IDEA OF ONENESS
A barista’s mastery over a cappuccino is one kind of service to society. The care of a seeing-eye dog is another. Do you need to have something special, like an extraordinary talent, in order to help others and the world around you? Or can you offer something even if you don’t have anything at all?
A Buddhist monk said, "Life at each moment encompasses both you and the environment of all sentient beings in every condition of life as well as insentient beings--plants, sky and earth, on down to the most minute particles of dust.” The intention behind our actions is like a flower blossoming in the sun- attracting the bumblebee that savors its goodness and returns the favor by pollinating it. The flower asks, “How may I help you?” to the bumblebee that asks the same.
A yogi meditates on the idea of Oneness: everything in the world is connected- we are microcosms of a larger universe, which envelops all. Yoga means union- a bringing together of all separate parts. In yoga, separation is the ultimate illusion and all of the diversity found in nature is a celebration of a universal Oneness and Love. Often, teachers will express the concept of Oneness as the cyclical relationship between root and crown; they are one in the same.

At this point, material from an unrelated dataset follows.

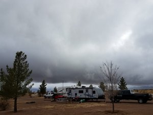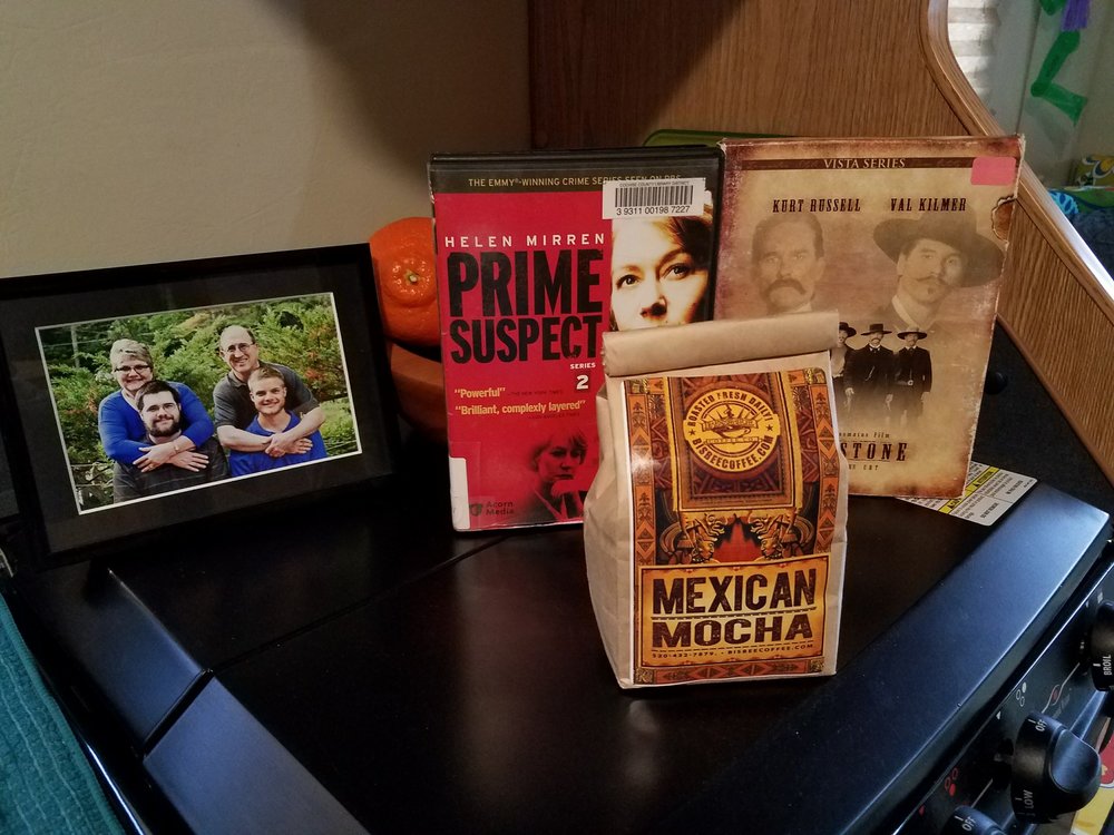 I’ve enjoyed a few hours this afternoon watching movies and sewing on the camper quilt. I finished watching the movie Tombstone, then started on the second season of Prime Suspect. I’m sipping a cup of coffee spiked with Mexican Mocha from The Bisbee Coffee Company. Their coffees are exceptional and this mocha treat is a delicious mixture of cinnamon, nutmeg, and chocolate. It’s a wonderful treat and chases away the chill in the damp 57 degree air.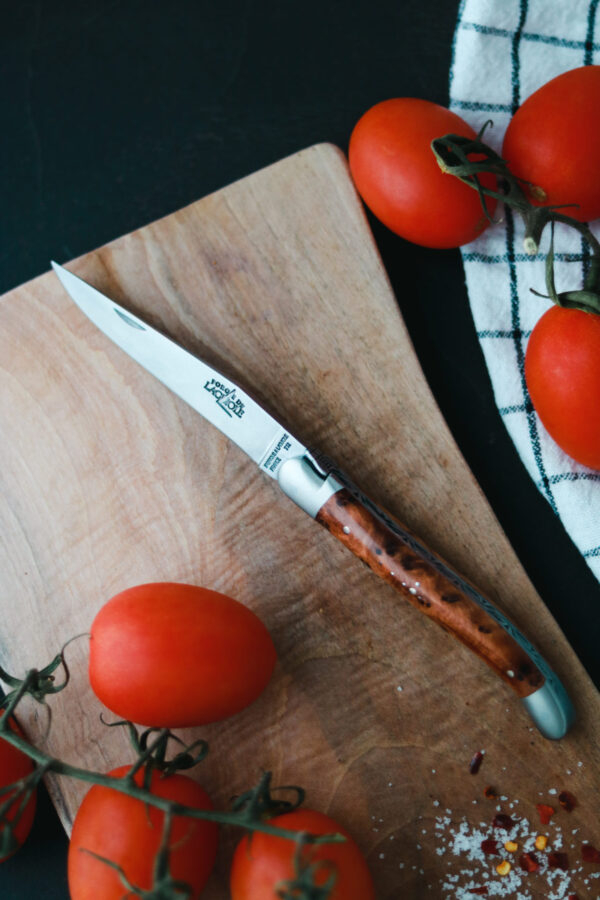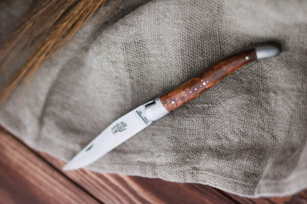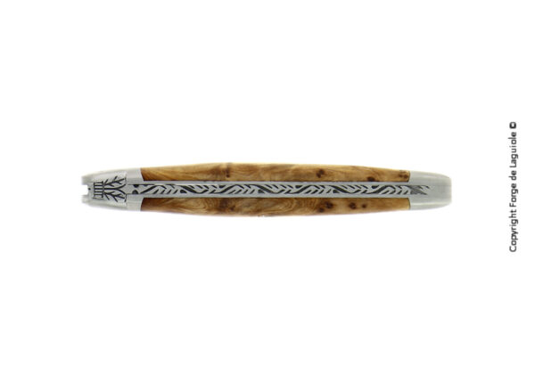 Dieses Forge de Laguiole® Taschenmesser mit einem Griff aus Thuja, wurde in unserer Manufaktur in Laguiole, Frankreich, handgefertigt, einer Tradition folgend, die bis ins Jahr 1828 zurückreicht. Es hat zwei Mitres aus Inox, welche den Griff im täglichen Gebrauch schützen.

A tree’s roots grow to almost the exact width of the crown’s diameter so that it can drink from the earth and sky enough to give back what it takes in its oxygen producing ability.
Being kind and gracious to others and the environment is part of a larger system that is designed by balance. A yogi practices the art of balancing- both with the mind and body- so she is a stable force able to help others achieve balance too.